# short fiber?



## lonelyfarmgirl (Feb 6, 2005)

How do you spin with short fiber? Is there some special process? I got a hold of some alpaca but it is all 2 1/2 to 3 inches long. Don't go into a rolag very well at all. Just too short. Do you just do it from the lock?


----------



## PKBoo (Apr 10, 2008)

I've been using Valkyrie Extra Fine combs to process my alpaca, then use a diz to pull the fiber off. (THANKS WIHH!!!) It's been working out wonderfully!

I was using a drum carder, but the alpaca is so fine that it just wasn't working well, and I wasn't happy with the results. 

I'm saving all of the 'waste' from the combs to use for chunky 'art' yarn.

Do you have a pair of combs, or can you borrow some from your local guild?


----------



## lonelyfarmgirl (Feb 6, 2005)

Is your alpaca short like this stuff I have? I do have cotton carders.
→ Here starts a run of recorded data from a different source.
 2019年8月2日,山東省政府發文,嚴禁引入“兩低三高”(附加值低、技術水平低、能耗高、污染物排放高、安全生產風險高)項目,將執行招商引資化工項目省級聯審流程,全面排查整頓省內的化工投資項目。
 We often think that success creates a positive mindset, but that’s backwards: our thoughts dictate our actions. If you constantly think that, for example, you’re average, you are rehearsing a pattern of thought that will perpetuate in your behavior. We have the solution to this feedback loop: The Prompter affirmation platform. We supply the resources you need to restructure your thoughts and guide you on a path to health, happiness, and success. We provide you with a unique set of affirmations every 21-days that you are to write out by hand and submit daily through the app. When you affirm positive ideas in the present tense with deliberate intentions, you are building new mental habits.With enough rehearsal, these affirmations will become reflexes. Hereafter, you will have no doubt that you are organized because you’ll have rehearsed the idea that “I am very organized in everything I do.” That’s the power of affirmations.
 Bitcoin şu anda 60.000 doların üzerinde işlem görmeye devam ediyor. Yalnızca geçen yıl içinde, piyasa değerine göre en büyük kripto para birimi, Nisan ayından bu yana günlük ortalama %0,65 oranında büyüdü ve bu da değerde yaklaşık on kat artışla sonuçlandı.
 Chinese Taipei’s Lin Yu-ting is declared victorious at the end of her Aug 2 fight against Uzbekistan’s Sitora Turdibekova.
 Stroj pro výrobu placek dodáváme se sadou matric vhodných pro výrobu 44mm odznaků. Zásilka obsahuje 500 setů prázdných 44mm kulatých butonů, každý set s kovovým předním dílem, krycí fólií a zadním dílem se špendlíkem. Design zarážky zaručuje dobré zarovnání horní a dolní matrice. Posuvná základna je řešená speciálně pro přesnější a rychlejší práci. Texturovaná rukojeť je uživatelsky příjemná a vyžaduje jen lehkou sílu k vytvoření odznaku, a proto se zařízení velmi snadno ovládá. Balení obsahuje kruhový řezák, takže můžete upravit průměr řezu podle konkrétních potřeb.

I havent tried it on those.


----------



## Ana Bluebird (Dec 8, 2002)

Oh, it's great for blending---blend with wool, makes both better, makes great yarn.


----------



## Marchwind (May 10, 2002)

Try the cotton card those are intended for short fibers. When spinning, use an "inchworm" method of drafting. Put a lot of twist into it. Alpaca can be difficult to spin especially a short alpaca fiber as a first fiber. To avoid frustrations you may want to take Ana's advise and blend the short stuff with woo.l


----------



## MullersLaneFarm (Jul 23, 2004)

You might be surprised how well a long draw (or supported long draw) drafts for shorter fibers, especially on well carded rovings. The drafting triangle will just pull the fibers in from the rolag/roving.
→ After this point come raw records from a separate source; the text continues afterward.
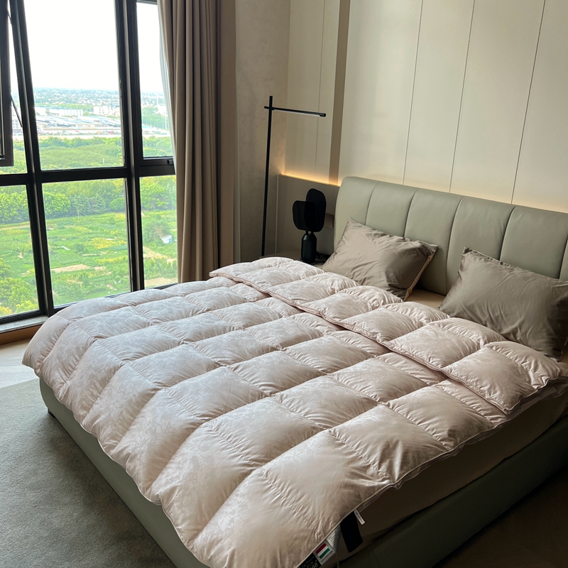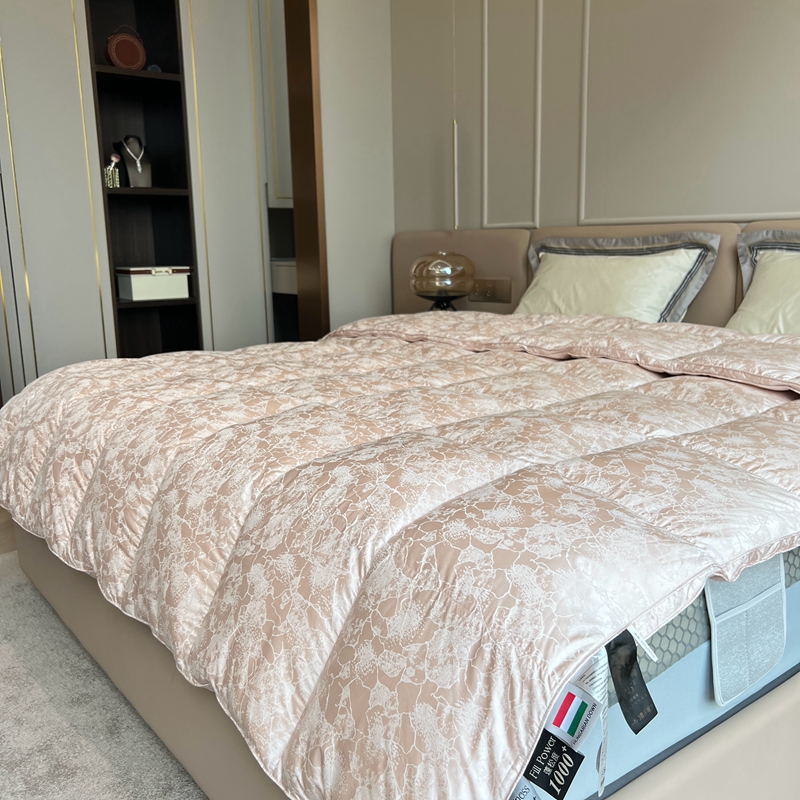 (总)静若居 2025新款高端提花羽绒被鸭绒被贡缎提花单层羽绒被壳,飘颜粉,飘金色,飘高级灰
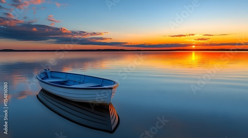 Serene sunset reflection tranquil lake nature photography calm waters eye-level view peaceful atmosphere
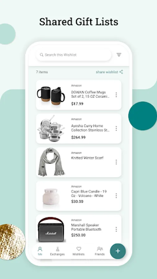 - Save and share wish lists for Christmas, other holidays, special occasions, or parties
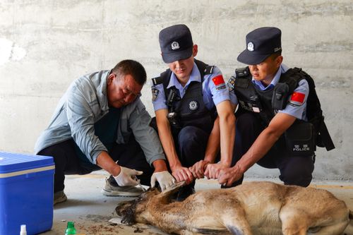 2025年7月21日,民警协助专业救援人员对国家二级保护动物北山羊开展救助。
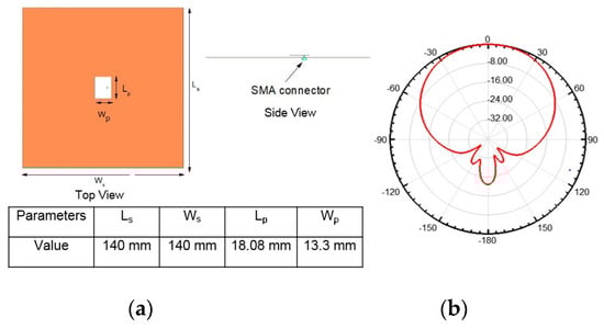 A coaxial feed microstrip patch antenna is designed at Rogers RT4003 substrate (with a thickness of 1.52 mm), which acts as the source antenna at 5.5 GHz. Its length and width are calculated using the mathematical formulations for a patch antenna (see Equations (1)–(3)) []. The radiating patch has dimensions of 13.3 × 18.08 mm2 at 5.5 GHz frequency. It has a boresight radiation pattern with a gain of 6.2 dBi. The antenna dimensions and radiation pattern are shown in Figure 2.

Some of my best cotton yarns have been spun using the long draw


----------



## lonelyfarmgirl (Feb 6, 2005)

I will have to look up those terms, inchworm drafting and longdrawl. I did lay some over the white icelandic I just got from red tartan and they brushed together really well, and made nice rolags. I just used the shorter softer stuff of the icelandic and pulled the long locks out for later. This should be a good fiber for next to the skin clothes I would think. Its very soft.


----------



## Marchwind (May 10, 2002)

Photos, we need photos :bash: You can't keep teasing us about these fibers and your spinning without photos.


----------



## PKBoo (Apr 10, 2008)

lonelyfarmgirl said:


> Is your alpaca short like this stuff I have? I do have cotton carders. I havent tried it on those.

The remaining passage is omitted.